# [SOLVED] The procedure entry point ...



## Poyol (Nov 4, 2009)

*OS*: Win2000 (SP4)
*Office*: 2000
*Outlook*: 2003 (with 2007 compat pack)

*Problem*:
When opening Outlook I get an error message (see below)
"The procedure entry point _resetstkoflw could not be located in the dynamic link library msvcrt.dll."

*Fixes tried*:
1) Replaced .dll with known good dll.
2) Detect and repair on Outlook.
3) New profile on Outlook.
4) Zapped a few registry hives and tried a repair.
5) Shouted at the machine and told it to do what it's told.

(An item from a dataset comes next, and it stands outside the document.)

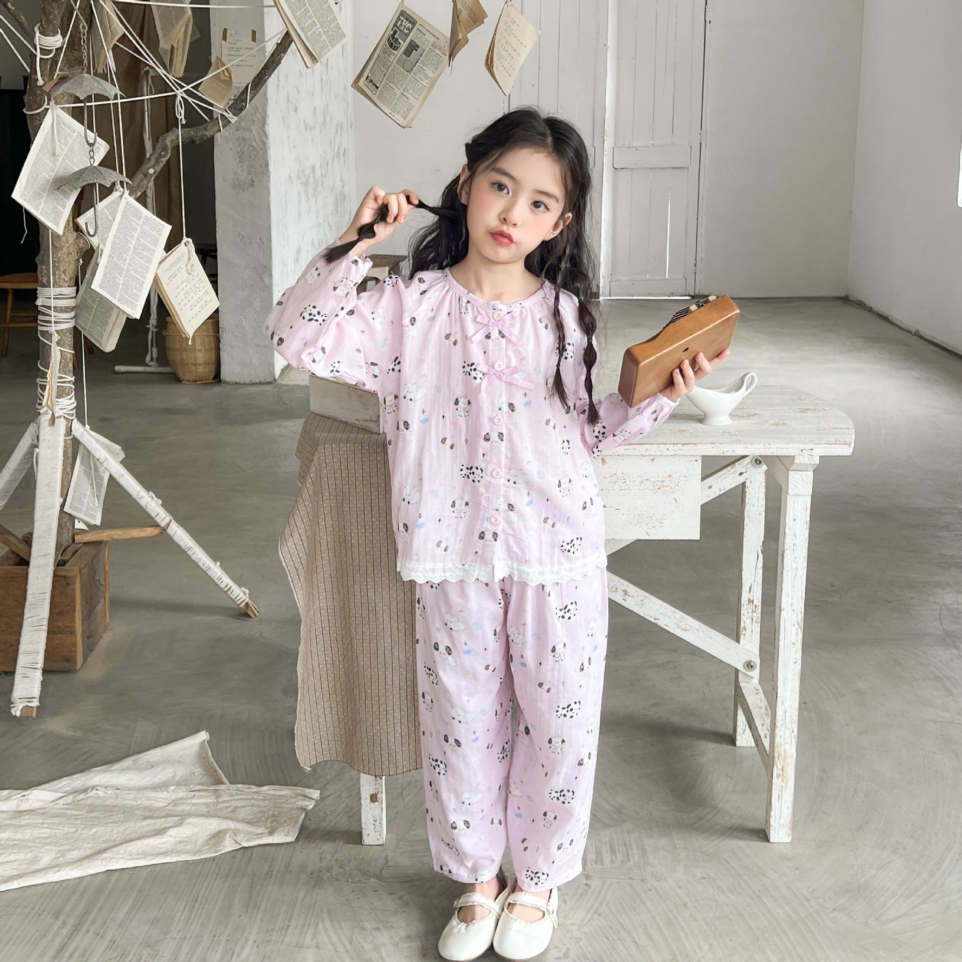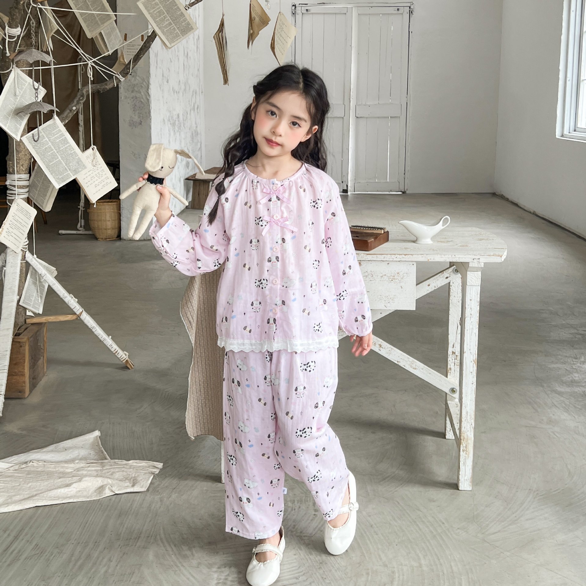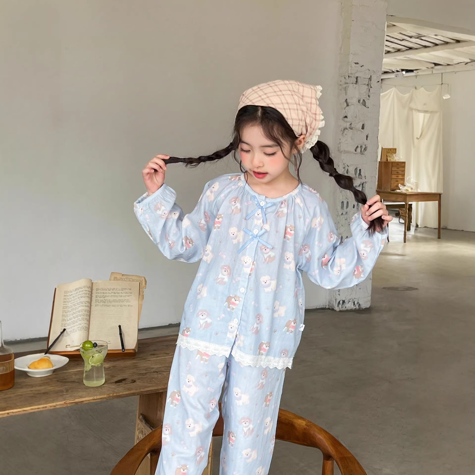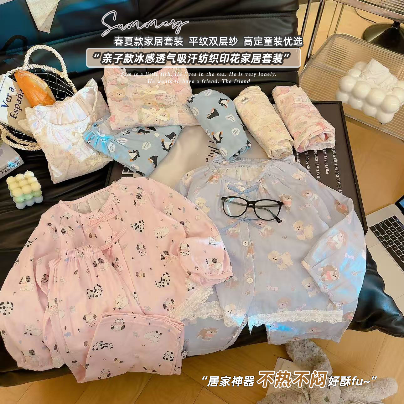 儿童睡衣春夏女童花边甜美开衫纯棉家居服男童卡通家居服套装亲子
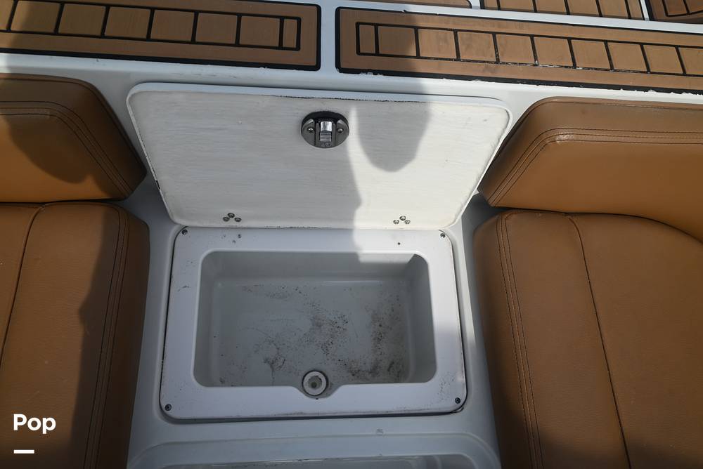 At the sporty starboard helm console, the Captain rides in style and comfort in the adjustable sport bucket helm seat with flip-up bolster. The Helm console has a sport-tilt steering wheel, a Garmin GPS Chartplotter digital display, and a large lockable storage compartment below.

I'm at a loss - can anyone help?

Poyol


----------



## AlbertMC2 (Jul 15, 2010)

*Re: The procedure entry point ...*

Hi

Have you tried to install Office 2003 SP3


----------



## Poyol (Nov 4, 2009)

*Re: The procedure entry point ...*

Hi Albert,

Thanks for your prompt reply.
I fixed this problem via the following method.
Hopefully this'll help people if they ever get the same error.

*Steps*

*1.* Uninstall Microsoft Outlook 2003 using Revo Uninstaller.
*2.* Restarted the machine.
*3.* Reinstalled Microsoft Outlook 2003 and installed all Service Packs for it.

This then fixed the problem.

Why there was no stack overflow protection in that DLL though is anyone's' guess!

Poyol


----------